As for the pizza ... the olives were good. I don't know why we did the whole charade of taking leftovers with us. Habit, maybe?
Oh! Then there's the clientele. We were in a room with other big parties. One was a "Happy 80th + 1 Birthday!" They were apparently doing some sort of toast at the end of the meal when some guy that was most likely older than my dad mooned the guest of honor. I did not see this with my own eyes and I thank the Good Lord Jeebus for this. Those were some klassy motherfuckers right there.
It can kind of suck having a friend who is a picky eater with less of an adventurous culinary spirit than my eight-year-old nephew.
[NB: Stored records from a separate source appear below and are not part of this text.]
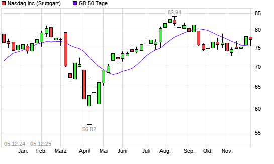 Mit dem Anstieg auf 77,37 EUR hat die Nasdaq Inc.-Aktie am 04.12.2025 die 50-Tage-Linie nach oben gekreuzt.Die Nasdaq Inc.-Aktie befindet sich seit dem 19.11.2025 im ...weiterlesen
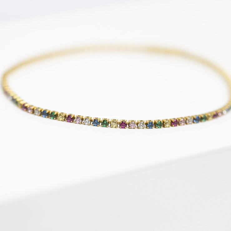 Ellera-kollektionen fra Sif Jakobs Jewellery er sparklende og enkel og står for elegance og glam til overkommelige priser. Armbånd i sterlingsølv 925 forgyldt med 18 karat guld med blankpoleret overflade og facetslebne multifarvede zirkoner.
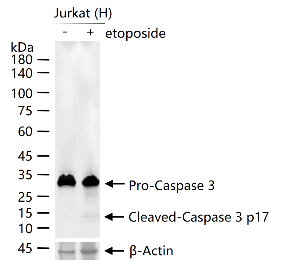 Jurkat (H) cells were treated with or without etoposide treated (25uM) for 5 h, 25 μg total protein per lane of cell lysates (see on figure) probed with Cleaved-Caspase 3 p17 monoclonal antibody, unconjugated (bsm-61090R) at 1:1000 dilution and 4°C overnight incubation. Followed by conjugated secondary antibody incubation at r.t. for 60 min.
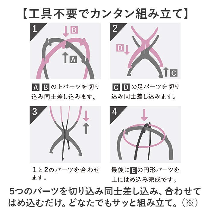 ・5つのパーツを切り込み同士差し込み、合わせてはめ込むだけ。どなたでもサッと組み立て。
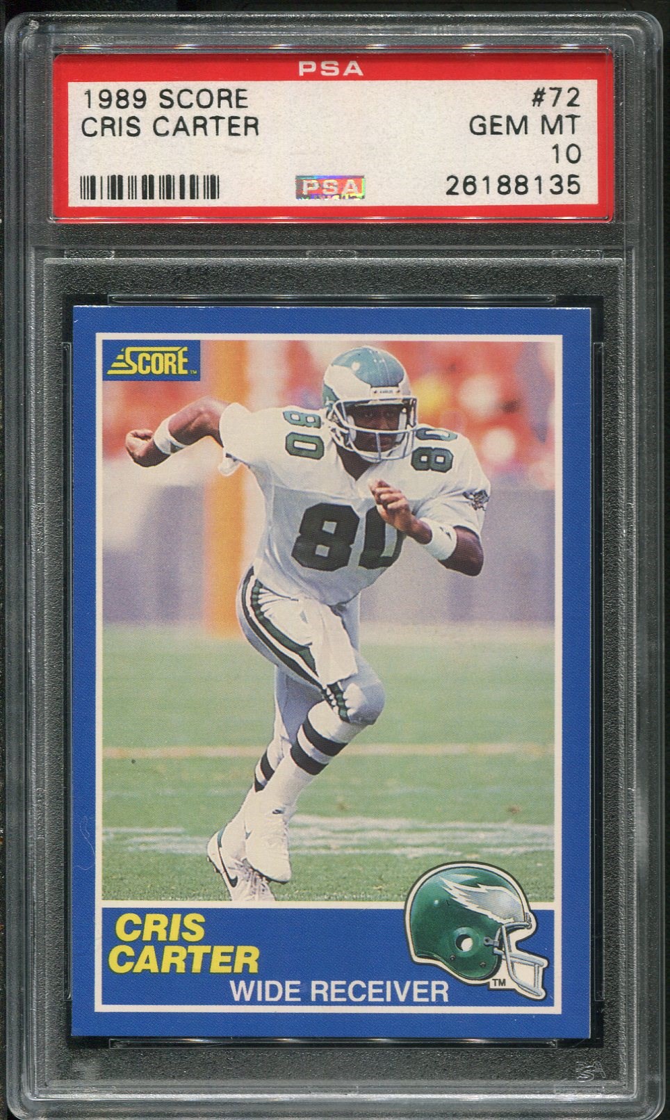 1989 Score Cris Carter RC #72  PSA Gem Mint 10 - This is Carter's best rookie card.  This PSA 10 comes in a scratch free PSA holder.

The kind of person, who when they order makes you so uncomfortable that you have to leave the table (I wish I'd thought of that). Of course, for Birthday Dinner Part Deux, she's chosen the restaurant that she refused to eat at for my birthday dinner a few years ago. That whole experience left me in tears for part of my birthday and resulted in my choosing a place that I hate with a passion. Oh, and a stomach ache, too. And you're damn right I'm still holding a grudge about it.